[Dataset records]
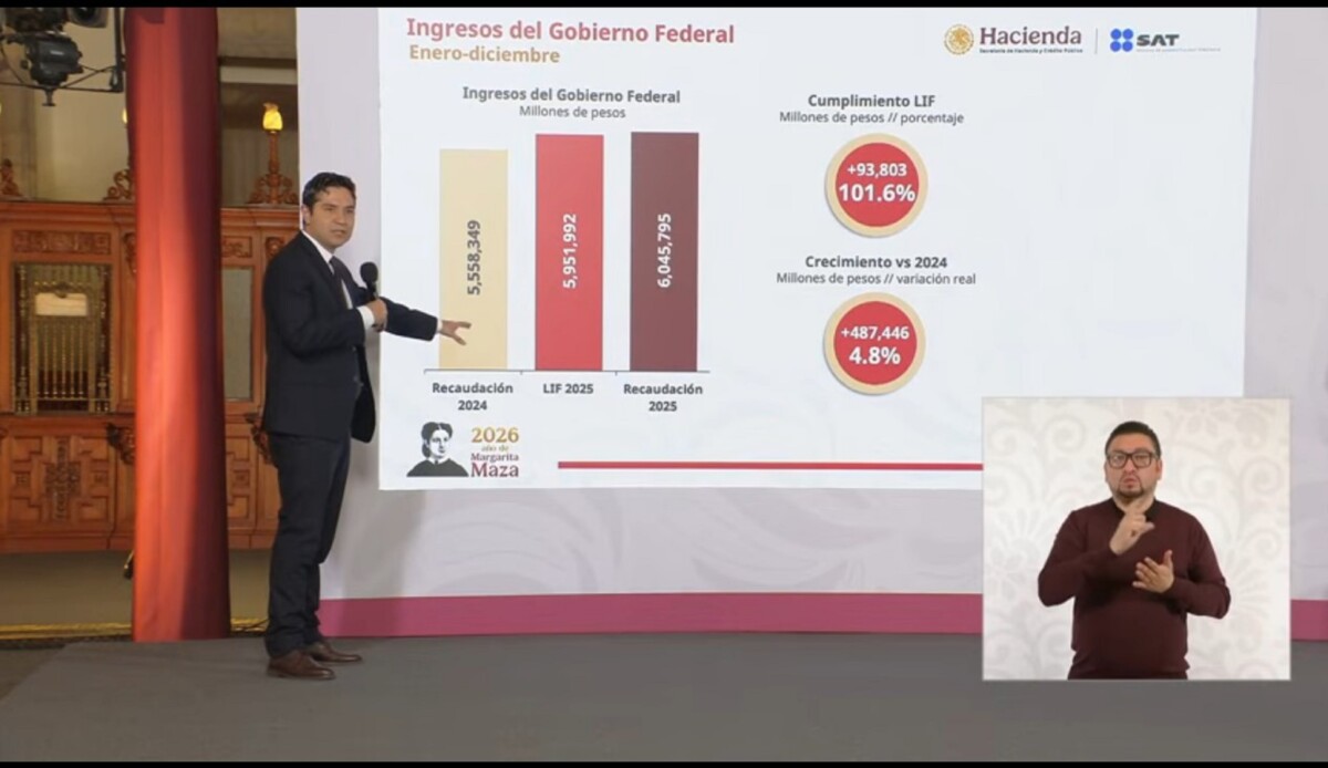 Respecto a los ingresos por recaudación exterior en aduanas, el funcionario detalló que en 2025 se recaudaron 1,449,458 millones de pesos, es decir, 16% más que en 2024.
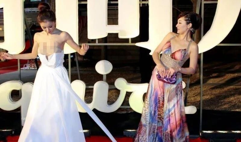在一次影帝颁奖典礼上,刘嘉玲在台上讲话,右边的肩带却慢慢滑落下来,刘嘉玲却没有感觉到,继续讲着话。
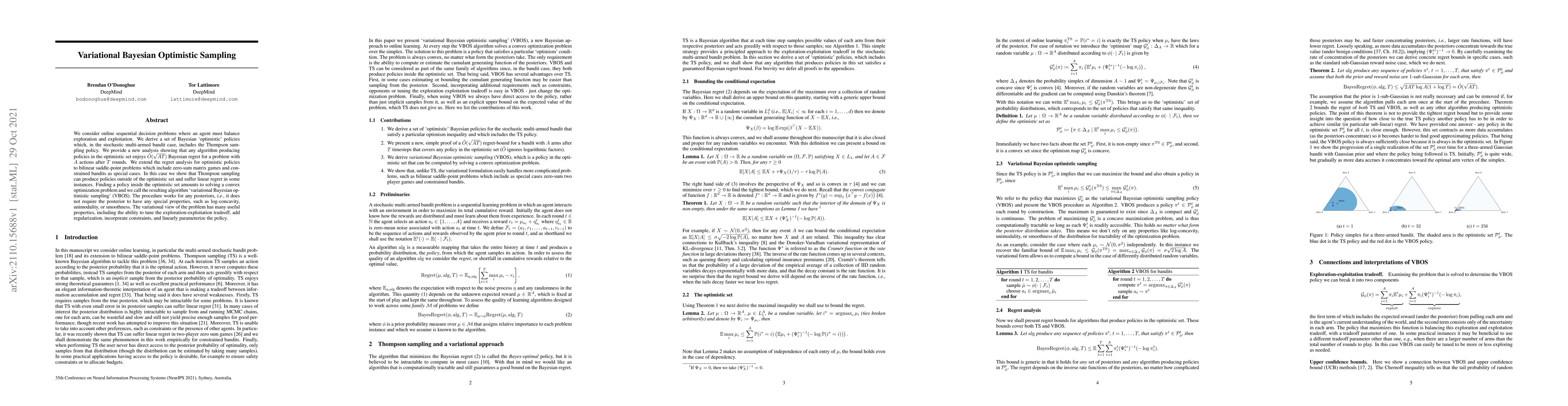 This paper introduces variational Bayesian optimistic sampling (VBOS) for online sequential decision problems, balancing exploration and exploitation with Bayesian policies. It demonstrates $\tilde O(\sqrt{AT})$ Bayesian regret for algorithms within the optimistic set, extending this analysis to saddle-point problems, and highlights the flexibility of the variational approach in tuning, regularization, and constraint incorporation.
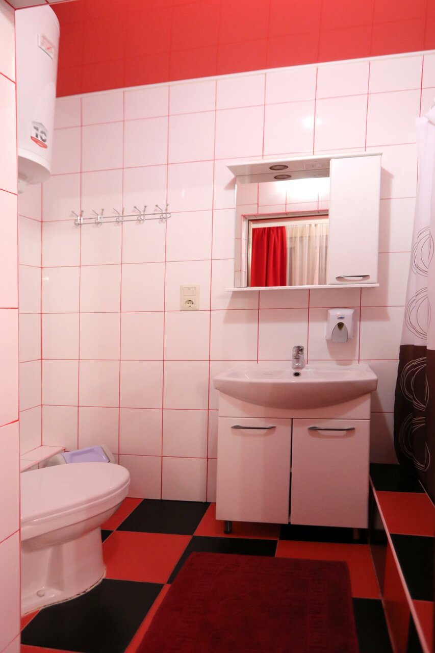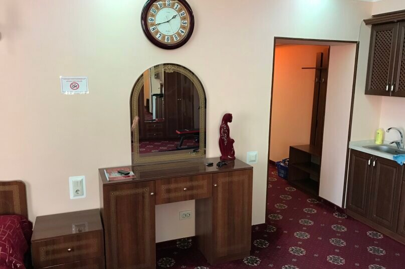 Жили в номере-студии на первом этаже в начале января. Отличный, теплый номер. В номере двуспальная кровать и раскладной диван. Душ. Чайник, холодильник, микроволновая печь, посуда!!! Есть всё, начиная от шампуня и заканчивая халатами!!! Полотенца меняли каждый день, а жили мы только три дня. Замечательные администраторы, которые помогали в любых вопросах!!! Курить в номере нельзя!!!
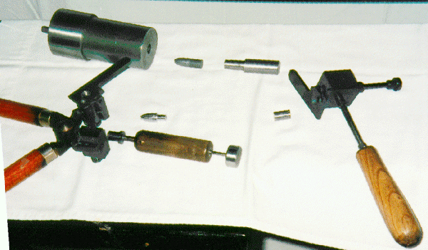 Swage block and bullet molds for two piece slug gun bullet. |
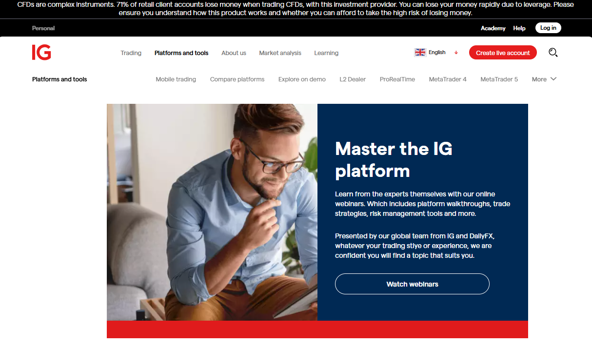 | Trading Platforms | MT4 IG Platform ProRealTime |
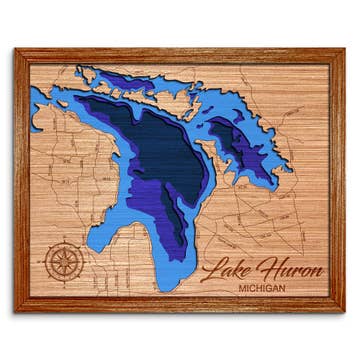 This is a burnt wood engraved street map of Lake Superior designed by Fire & Pine artists. Every Fire & Pine piece is made 100% in South Carolina. Due to the nature of wood and our process, every piece will be unique in wood tone and grain texture.

**REQUIRED WORK**: Every line from the one containing "Platform ProRealTime |" through the last line of the records is to be reproduced exactly, with pictures left out and nothing else given.

**ANSWER BOX**:
 | Trading Platforms | MT4 IG Platform ProRealTime |
 This is a burnt wood engraved street map of Lake Superior designed by Fire & Pine artists. Every Fire & Pine piece is made 100% in South Carolina. Due to the nature of wood and our process, every piece will be unique in wood tone and grain texture.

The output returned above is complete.